Mark Sampson jokes that he is busier than Donald Trump these days – and the England Women manager would have it no other way.
While the controversial US President presses on with his mission of making America “great again”, Sampson has gone a long way towards turning around a failing Lionesses team in the course of his own first four years in office. And he has managed it while giving up one of the loves he shares with Trump: golf.
Sampson was spotted swinging a pole in a golf-club motion on the St George’s Park training pitch where England spent much of June training hard ahead of their European Championship mission. While his players were warming down, Sampson was dreaming of finding the middle of a fairway – any fairway – off the tee.
Not that the 34-year-old gets the chance to swing an actual golf club these days.
“I used to back in the day, a long, long time ago, but I think Donald Trump plays more golf than me now – he’s obviously got less to do,” said Sampson. “I can’t remember the last time I picked up a golf club unfortunately. Pretty sad.”
Welshman Sampson took the reins in late 2013 and guided the Lionesses to third place at the World Cup two years ago.
The mission to Holland this summer is one that England firmly believe can be a triumphant trip, and Sampson takes enormous pride in his work, having overhauled the team that fluffed their last shot at a European Championship.
The group-stage exit in Sweden four years ago spelled the end for Sampson’s predecessor Hope Powell and when the Football Association offered Sampson the job, he made sure it sat well at home. A proud Cardiff boy, Sampson turned to father Derek for advice.

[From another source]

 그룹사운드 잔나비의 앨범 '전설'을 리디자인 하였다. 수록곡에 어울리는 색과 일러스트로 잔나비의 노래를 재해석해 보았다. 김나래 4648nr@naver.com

“It was my dad who convinced me to do it,” Sampson said. “It seems a long time ago now, but it was a fantastic opportunity and it’s been a privilege and an honour to get on the training pitch, and to represent England over 50 times as the head coach is something I never dreamed would be the case.”

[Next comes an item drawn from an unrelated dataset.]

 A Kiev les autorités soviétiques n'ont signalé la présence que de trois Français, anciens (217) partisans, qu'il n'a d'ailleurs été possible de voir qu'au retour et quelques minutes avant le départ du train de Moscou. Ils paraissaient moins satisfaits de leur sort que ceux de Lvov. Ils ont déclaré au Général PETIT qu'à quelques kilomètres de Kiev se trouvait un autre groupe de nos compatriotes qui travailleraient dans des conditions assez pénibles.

Powell had 15 years at the helm, but expectations of England were very different then. The FA has since pumped huge sums into the women’s game and Sampson accepts results must follow.
The greater the success England achieve, the more potential future Steph Houghtons and Fran Kirbys will be kicking balls in parks, and the FA is looking to double participation numbers in women’s and girls’ football by 2020.
“We treat every game as if it’s our last and we prepare thoroughly, and we treasure every single moment that we’re together because we know in football it can end very quickly,” Sampson said. “Hopefully not, hopefully we’re here for a long, long time, win lots of trophies and establish ourselves as the best team in the world.”